● PROBLEM REQUIREMENTS: Please give an exact transcription of the lines below, from the one that contains "Silver Palm Tree" to the very last, with no other lines.

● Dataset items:
********************
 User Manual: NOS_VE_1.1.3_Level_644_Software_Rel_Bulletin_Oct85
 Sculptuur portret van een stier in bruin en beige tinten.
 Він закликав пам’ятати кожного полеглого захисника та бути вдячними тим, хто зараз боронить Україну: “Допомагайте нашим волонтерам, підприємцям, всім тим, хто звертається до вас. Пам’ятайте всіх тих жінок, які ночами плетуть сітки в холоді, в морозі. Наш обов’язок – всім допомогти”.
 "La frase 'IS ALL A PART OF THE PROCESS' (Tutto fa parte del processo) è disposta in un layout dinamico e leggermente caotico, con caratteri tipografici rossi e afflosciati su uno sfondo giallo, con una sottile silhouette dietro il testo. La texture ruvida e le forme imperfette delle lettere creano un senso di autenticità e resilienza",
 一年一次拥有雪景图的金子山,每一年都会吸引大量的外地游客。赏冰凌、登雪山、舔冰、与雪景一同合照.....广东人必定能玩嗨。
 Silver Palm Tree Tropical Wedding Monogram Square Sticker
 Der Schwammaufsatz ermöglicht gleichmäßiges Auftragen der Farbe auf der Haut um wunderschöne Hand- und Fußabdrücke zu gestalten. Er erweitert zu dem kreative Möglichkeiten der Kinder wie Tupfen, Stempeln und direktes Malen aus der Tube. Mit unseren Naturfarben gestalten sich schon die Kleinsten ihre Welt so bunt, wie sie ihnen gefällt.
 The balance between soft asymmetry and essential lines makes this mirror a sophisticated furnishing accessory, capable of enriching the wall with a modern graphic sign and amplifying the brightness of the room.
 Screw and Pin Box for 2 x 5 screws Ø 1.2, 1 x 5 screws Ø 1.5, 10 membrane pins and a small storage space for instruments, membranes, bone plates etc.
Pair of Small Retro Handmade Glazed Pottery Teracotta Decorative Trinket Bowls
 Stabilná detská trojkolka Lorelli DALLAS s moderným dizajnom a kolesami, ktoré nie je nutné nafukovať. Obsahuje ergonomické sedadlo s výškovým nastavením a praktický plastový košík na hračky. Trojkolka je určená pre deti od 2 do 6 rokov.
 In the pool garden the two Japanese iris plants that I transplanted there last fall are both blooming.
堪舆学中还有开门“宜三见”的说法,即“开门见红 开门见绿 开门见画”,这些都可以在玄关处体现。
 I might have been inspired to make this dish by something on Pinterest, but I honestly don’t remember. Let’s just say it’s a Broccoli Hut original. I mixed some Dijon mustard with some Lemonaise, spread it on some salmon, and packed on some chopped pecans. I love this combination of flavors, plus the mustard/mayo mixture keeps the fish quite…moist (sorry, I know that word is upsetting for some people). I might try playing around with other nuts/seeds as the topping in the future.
********************
● ANSWER TO THE PROBLEM:
 Silver Palm Tree Tropical Wedding Monogram Square Sticker
 Der Schwammaufsatz ermöglicht gleichmäßiges Auftragen der Farbe auf der Haut um wunderschöne Hand- und Fußabdrücke zu gestalten. Er erweitert zu dem kreative Möglichkeiten der Kinder wie Tupfen, Stempeln und direktes Malen aus der Tube. Mit unseren Naturfarben gestalten sich schon die Kleinsten ihre Welt so bunt, wie sie ihnen gefällt.
 The balance between soft asymmetry and essential lines makes this mirror a sophisticated furnishing accessory, capable of enriching the wall with a modern graphic sign and amplifying the brightness of the room.
 Screw and Pin Box for 2 x 5 screws Ø 1.2, 1 x 5 screws Ø 1.5, 10 membrane pins and a small storage space for instruments, membranes, bone plates etc.
Pair of Small Retro Handmade Glazed Pottery Teracotta Decorative Trinket Bowls
 Stabilná detská trojkolka Lorelli DALLAS s moderným dizajnom a kolesami, ktoré nie je nutné nafukovať. Obsahuje ergonomické sedadlo s výškovým nastavením a praktický plastový košík na hračky. Trojkolka je určená pre deti od 2 do 6 rokov.
 In the pool garden the two Japanese iris plants that I transplanted there last fall are both blooming.
堪舆学中还有开门“宜三见”的说法,即“开门见红 开门见绿 开门见画”,这些都可以在玄关处体现。
 I might have been inspired to make this dish by something on Pinterest, but I honestly don’t remember. Let’s just say it’s a Broccoli Hut original. I mixed some Dijon mustard with some Lemonaise, spread it on some salmon, and packed on some chopped pecans. I love this combination of flavors, plus the mustard/mayo mixture keeps the fish quite…moist (sorry, I know that word is upsetting for some people). I might try playing around with other nuts/seeds as the topping in the future.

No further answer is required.